Start of Source data

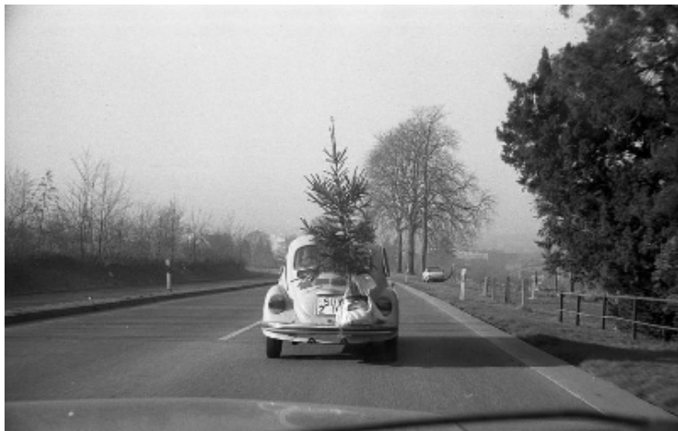
VW-Käfer mit Weihnachtsbaum am Heck
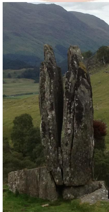
María Magdalenas bedjande händer Glenlyon, Skottland 2013
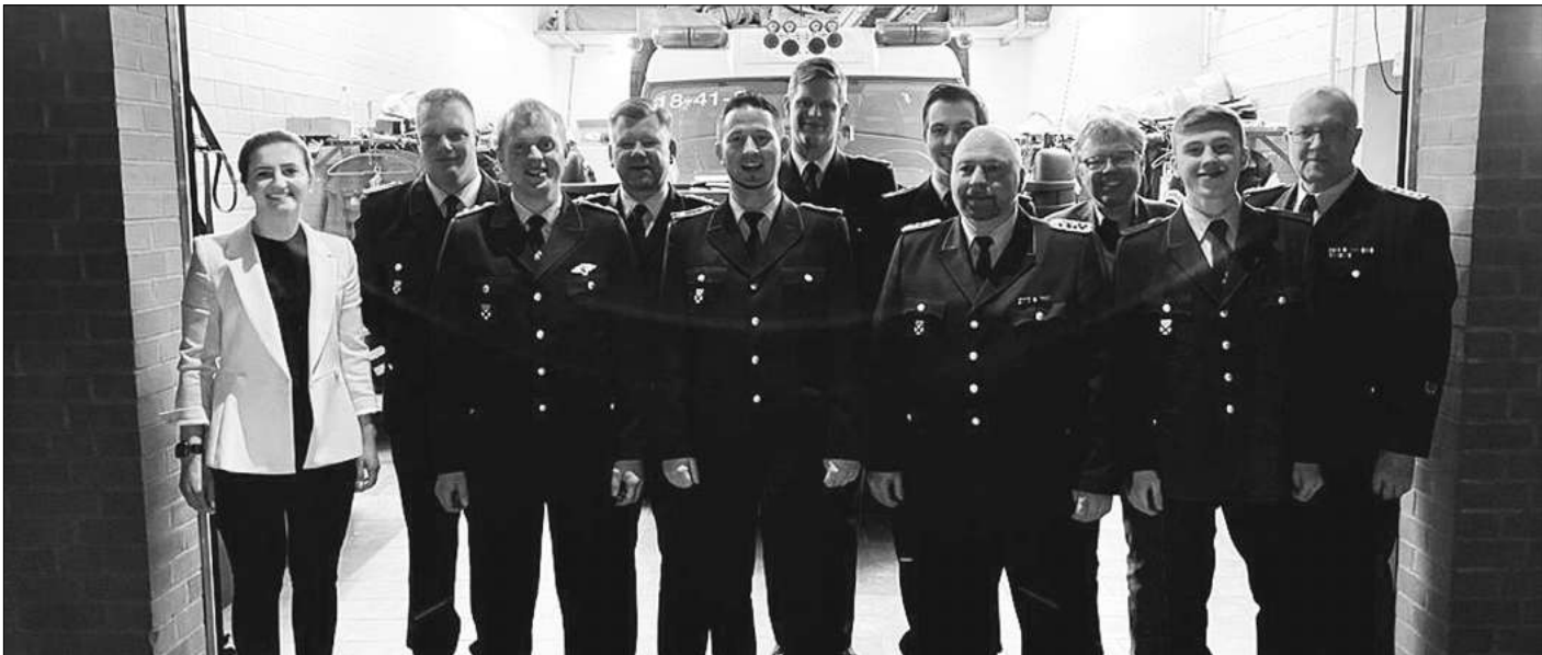
Die Honoratioren mit den Gewählten, Beförderten und Geehrten der Freiwilligen Feuerwehr Marklendorf.

Hauptversammlung der Freiwilligen Feuerwehr Marklendorf

End of Source data

**What you have to do:**
An exact reproduction of the data above is required, with every picture removed.

**Completed task:**
VW-Käfer mit Weihnachtsbaum am Heck
María Magdalenas bedjande händer Glenlyon, Skottland 2013
Die Honoratioren mit den Gewählten, Beförderten und Geehrten der Freiwilligen Feuerwehr Marklendorf.

Hauptversammlung der Freiwilligen Feuerwehr Marklendorf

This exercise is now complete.